I used to work for Gemma Plumley many many moons ago, well it was her mum and aunt really. Gemma was only on ponies then and was a lovely girl.

So sorry to here this.


----------



## Waterborn (7 June 2011)

Condolences to Gemma, very sad


----------



## VLHIEASTON (7 June 2011)

Thanks for replying folks, she seems devastated ( as anyone would be) so didn't want to ask.

 xxx


----------



## millhouse (7 June 2011)

Very sad.  Rest in peace Ebro.


----------



## Chestnutter (7 June 2011)

I was there and watched it happen :-( 
was absolutely horrific, never seen anything that awful in my life. 
they were clear so far, last pair to go, came up to the triple bar but he took a stride out and just got in a tangle in the poles. the cups and everything gave way like they were meant to but i think it broke on landing anyway. 
Gemma was really lucky, he missed her by millimetres and she managed to roll out of the way in time but poor pony tried to get up and everyone could see how bad the break was. Truly awful, Gemma, groom and family were absolutely distraught aswell, as you can imagine. Such an awful end to a good week. :-(


----------



## Tinks81 (7 June 2011)

i heard it was awful - i think it was broken above the hock they said he put down in the triple bar and his leg snapped !! 

such a big loss as was amazing x


----------



## TableDancer (8 June 2011)

These versions are correct, he picked up at least a stride too early, God only knows why. Has been brought home to be buried in the garden, along with the foal they lost the same day    

Eddie was not only a breath-taking talent who was just starting to spread his wings - recently successfully jumped his first Grand Prix and had already qualified for HOYS - but was the sweetest, kindest, sunniest horse you could imagine, you would never have known he was a stallion.
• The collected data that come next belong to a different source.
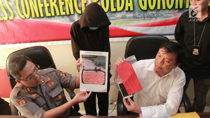 Petugas menunjukkan barang bukti beserta pria IB alias Ismail di Polda Gorontalo, Selasa (28/5/2019). IB harus berurusan dengan pihak kepolisian setelah ia memposting salah satu video kekerasan yang sudah ditambah bahwa itu merupakan kekerasan yang dilakukan Kepolisian.(Liputan6.com/Arfandi Ibrahim)
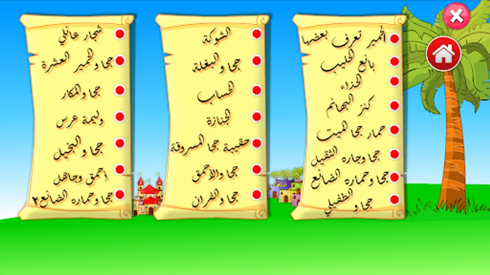 More than 35 stories and a joke of Juha with people such as a thief, grocer, judge, or with his wife, or with animals such as donkey and goose
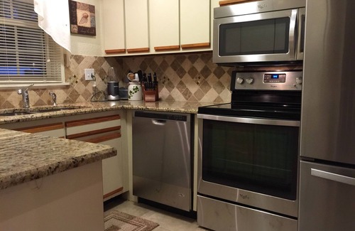 Approx 1300 sq feet. Recently remodeled! New All Stainless Steel Appliances!French door Fridge with Icemaker-New Convection range Microwave & Dishwasher! Crown moldings, granite countertops, tiled backsplash, knockdown on walls & ceilings. Completely furnished. Linens, towels, dishes, cooking utensils, storage containers, complete cutlery, knives, stove, and microwave. Full kitchen with dishwasher.
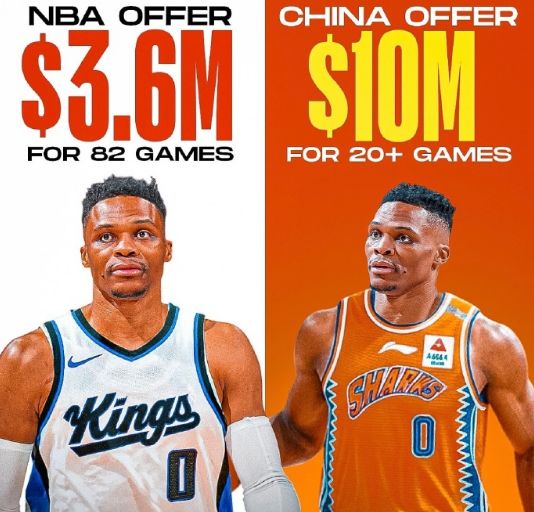 至于美媒Clutch Points报道表示,多家媒体报道过CBA给威少开出年薪1000万-1400万美元的报价。至于萨克拉门托电台主持人Dave Carmichael还表示,这份中国球队的报价合同,威少只需要打半个赛季,出场数大概在23场比赛左右,且如果帮助球队打进季后赛,薪资还能上涨。
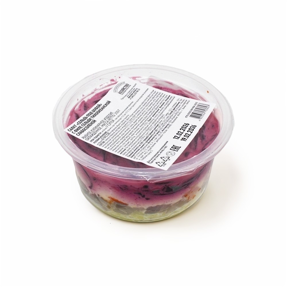 Свекла столовая отварная, картофель отварной, филе сельди тихоокеанской слабосолёной (филе сельди тихоокеанской произведённого из мороженого сырья, вода питьевая, соль пищевая, комплексная пищевая добавка (регуляторы кислотности (Е331ii, Е330, Е575))), майонез (масло подсолнечное рафинированное дезодорированное, вода питьевая, сахар, жидкий яичный желток, соль пищевая, уксус спиртовой, горчичное масло нерафинированное коричневое), морковь столовая отварная, яйцо куриное варёное очищенное в маринаде (яйцо варёное очищенное, маринад (вода питьевая, регулятор кислотности лимонная кислота, соль пищевая)), вода питьевая, пищевая комплексная добавка (фермент животного происхождения (лизоцим), лактоза, антиокислитель Е330). Произведено из мороженого сырья. Будьте внимательны! Возможно попадание косточки!
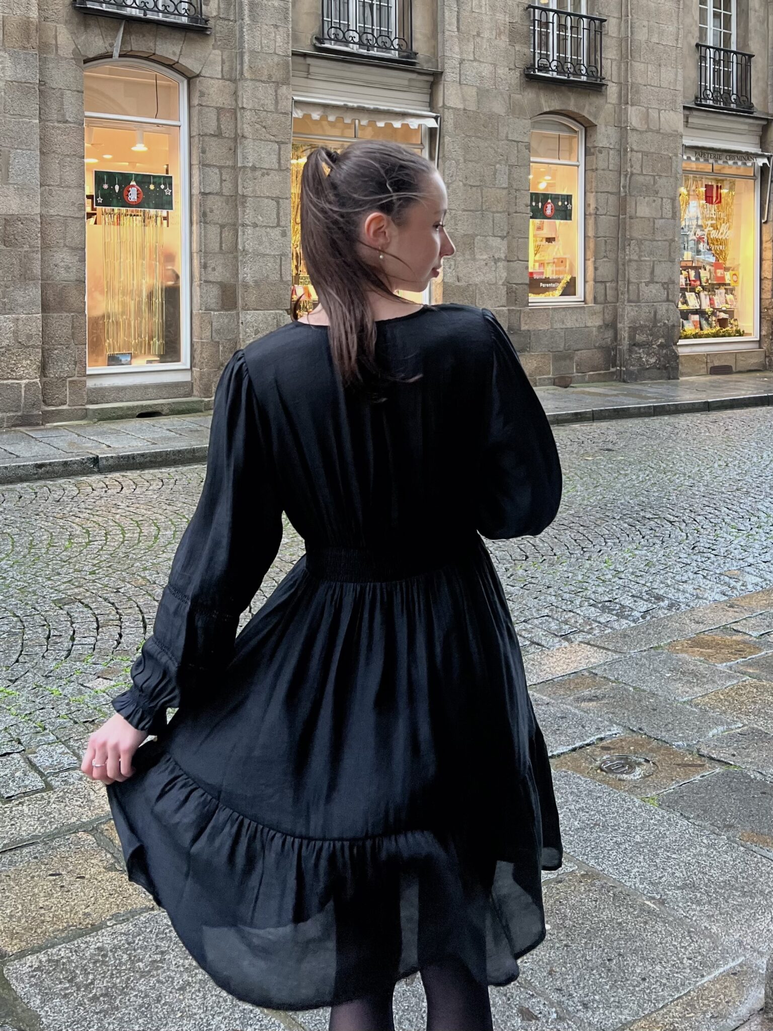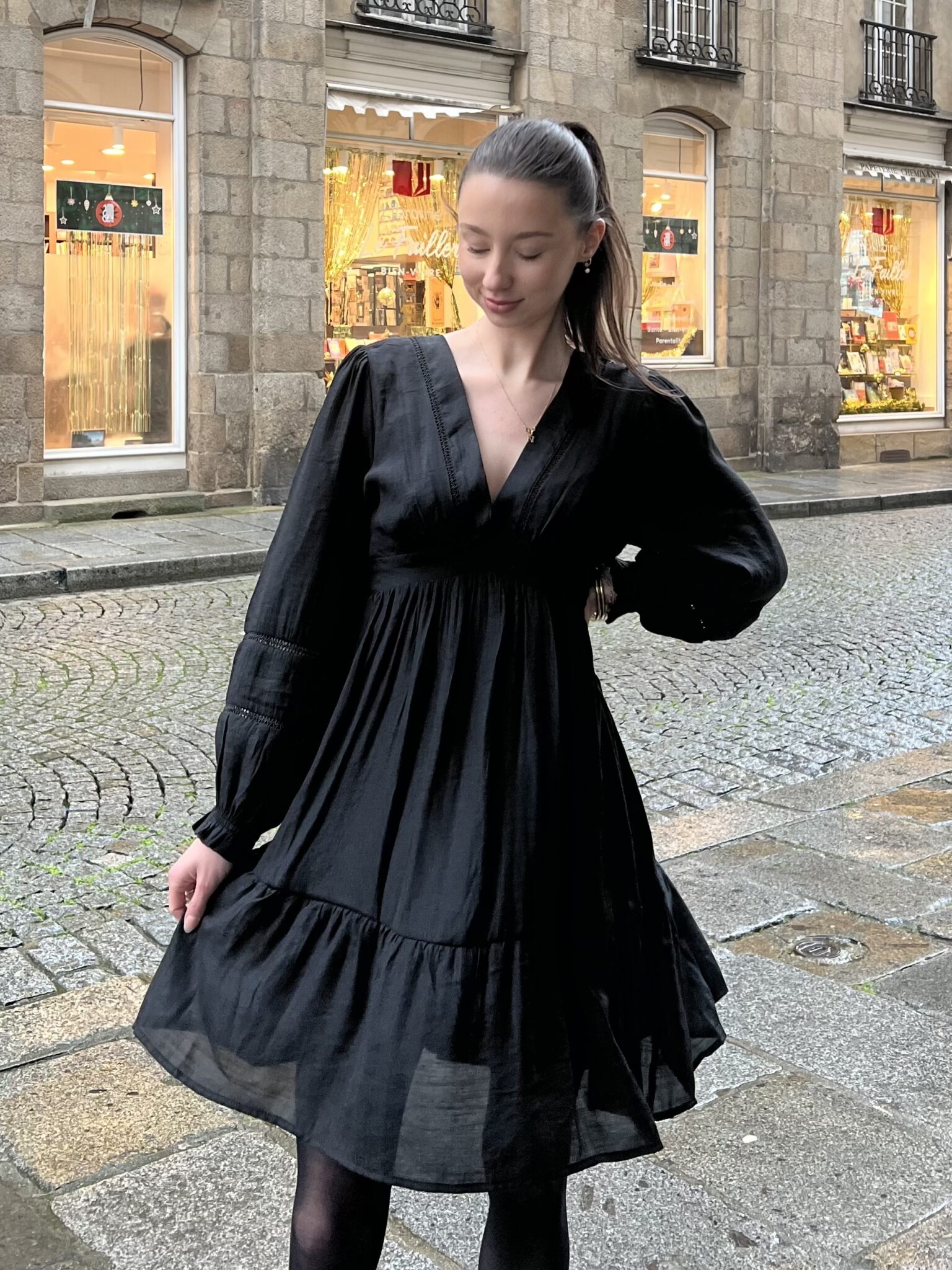 Féminine et élégante, cette robe courte noire met en valeur la silhouette avec son décolleté en V, sa taille marquée et ses manches longues légèrement bouffantes.
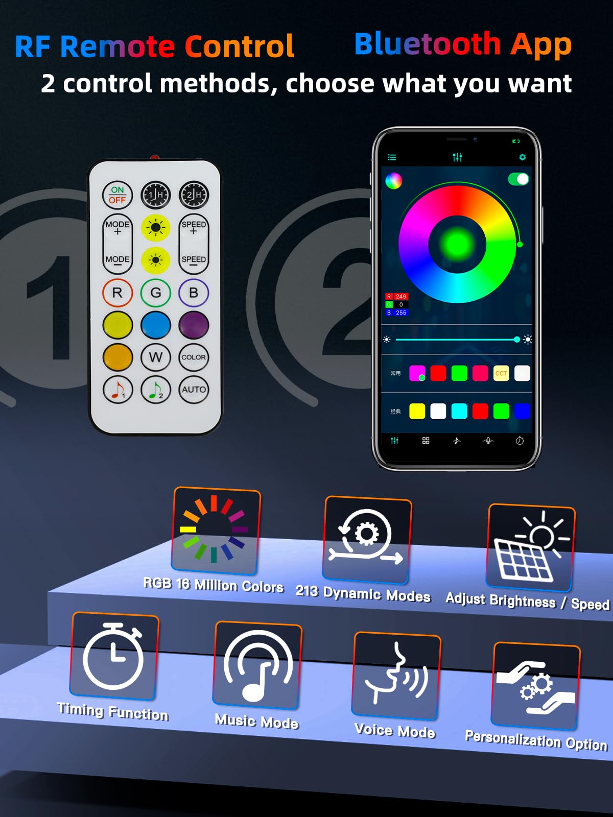 - Customizable RGB Angel Eyes Halo: VI9000 Jeep Wrangler LED Headlights multifunction RGB angel eyes halo with 16 million colors and 213 dynamic lighting modes. Control the timer function, music mode, voice mode, flash function, adjust brightness/speed via the easy-to-use app, allow you to switch between vibrant hues or subtle tones to match your style or mood
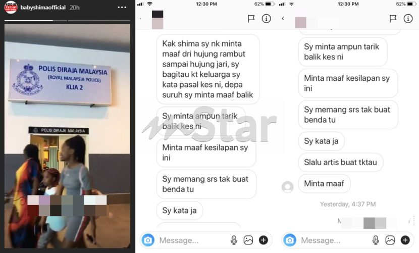 Individu tersebut memohon maaf selepas Shima membuat laporan polis.
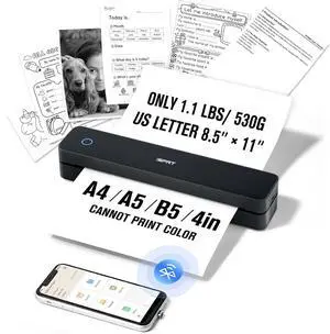 Phomemo Portable Printer Wireless for Travel, Inkless Thermal Printer Supports US Letter Thermal Paper, Compatible with Phone & Laptop, for Business, Office, School
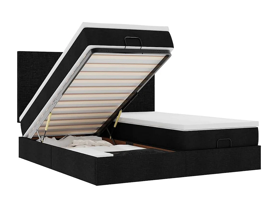 Estructura de cama otomana con colchones tela negra 180x200cm
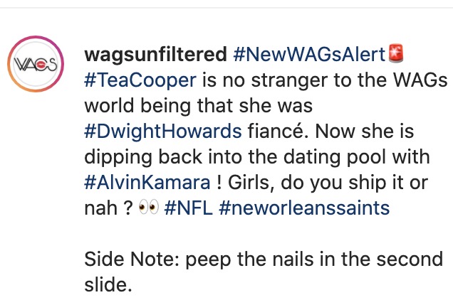 According to Wags, Cooper was spotted getting cozied up with New Orleans Saints running back Alvin Kamara.
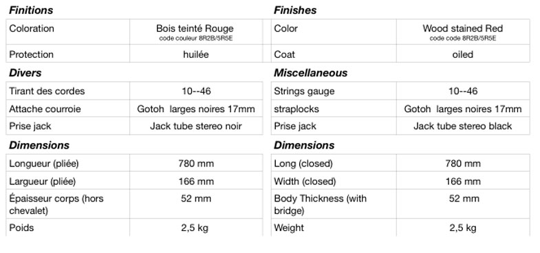 Dotée de 22 cases et d'un diapason gibson 24"3/4, d'un chevalet fixe wraparound, de mécaniques Schaller la Tour Bus version Gibson est équipée de 2 micros bobinés main par Sébastien et inspirés des PAF originaux. Micros splitables, un volume et un switch 3 positions.
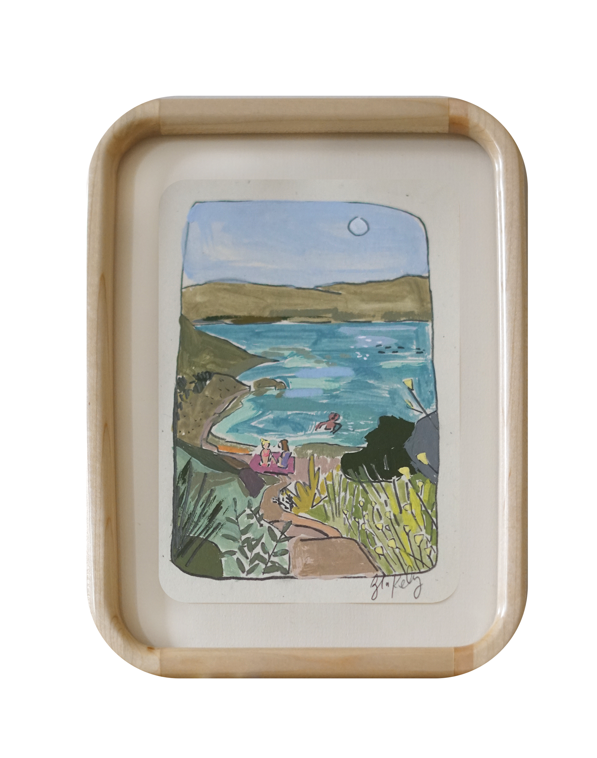 Acrylic, pencil and pastel on recycled french paper with a rounded maple wood frame
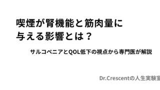 喫煙は腎機能低下だけでなく、筋肉量減少(サルコペニア)を通じて生活の質(QOL)にも影響します。健診で腎機能が気になり始めた方向けに、腎臓専門医が喫煙の本当の影響を解説します。
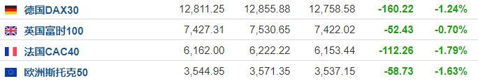 2. 截至发稿,德国DAX指数跌1.24%,英国富时100指数跌0.70%,法国CAC40指数跌1.79%,欧洲斯托克50指数跌1.63%。
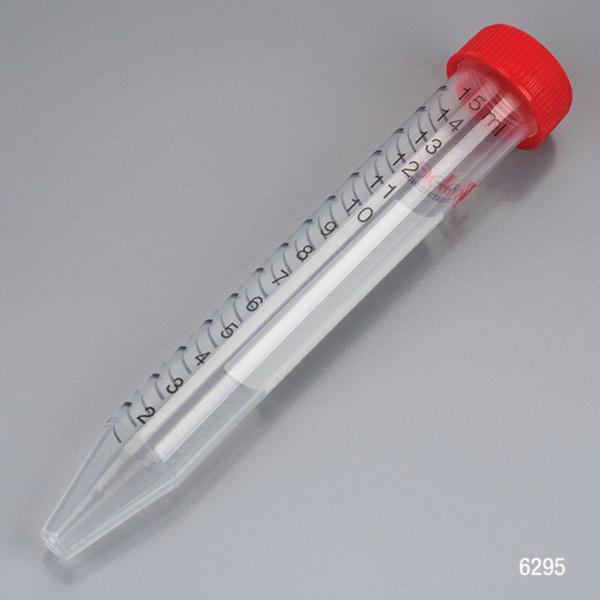 Centrifuge Tube, 15 ml, Polypropylene, 17000 xg Spin Rate, Sterile, Autoclavable, Marking Spot, Printed Graduation, -80 to 121°C Temperature Range, With Attached Red Flat Top Screw Cap
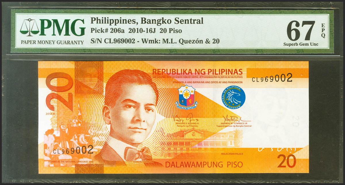 PHILIPPINES. 20 Piso. 2010. (Pick: 206a). PMG67EPQ.
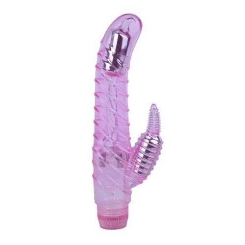 Вибратор с клиторальным стимулятором "Curve Seduction" рельефный, розовый
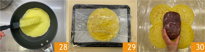 Cozinhe por um minuto em fogo médio-baixo; quando notar que as bordas começam a se soltar, vire a crepe 28 e cozinhe do outro lado. Repita o mesmo procedimento até terminar a massa, com essas quantidades, você deve obter 4 crepes. Empilhe-as em uma assadeira coberta com papel manteiga e cubra com filme plástico 29, assim elas se manterão macias até o momento de usar. Quando o tempo de descanso do filé terminar, disponha as crepes sobre uma folha de filme plástico, sobrepondo-as ligeiramente, depois coloque o filé no centro 30.
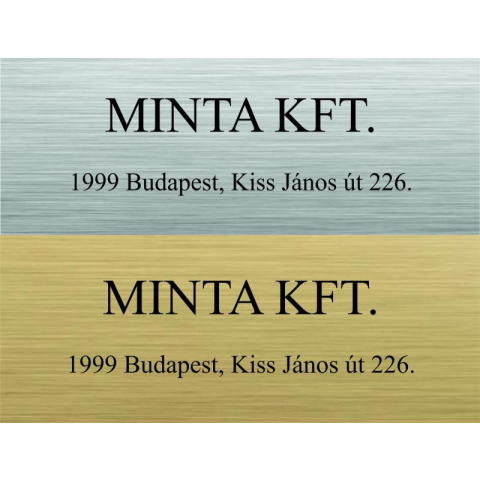 Gravírozható műanyagtábla, réz hatású vagy ezüst szálra húzott. Kérhető rá furat vagy kétoldalas ragasztó. Hosszú nevek vagy szöveg esetén célszerű hosszabb táblát választani. Egyéb méret esetén kérjen árajánlatot e-mailben.
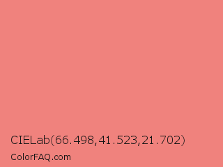 CIELab 66.498,41.523,21.702 Color is a light red color and the nearest color is Light Coral #f08080. Hex code #f0827d and RGB value is rgb(240,130,125). In RGB color space, this color is composed of 94% red, 51% green, 49% blue, In CMYK color space, this color is composed of 0% cyan, 46% magenta, 48% yellow , 6% black , In HSL color space, this color has a hue angle of 3° , 79% saturation and 72% lightness.

He was everyone's favourite and is totally irreplaceable, an absolute tragedy. My thoughts are with Gemma and ber family, as well as Nicola who loved him like a baby  Run free, Eddie...


----------



## VLHIEASTON (8 June 2011)

Sweet post Tabledancer thank you....thanks for contributing everyone x


----------



## amage (8 June 2011)

Thoughts and condolences to Gemma & all connections what a horrible accident. Thanks be to god she wasn't injured.


----------



## sakura (8 June 2011)

how awful 

my thoughts go out to everyone who knew him xxx


----------



## wonkey_donkey (9 June 2011)

Totally tragic. 

What show was this at ???


----------



## VLHIEASTON (10 June 2011)

Think it was Wales and the West.


----------



## brighteyes (11 June 2011)

Poor Gemma - awful, awful, awful.  

Sleep well Eddie and huge condolences to his yard.


----------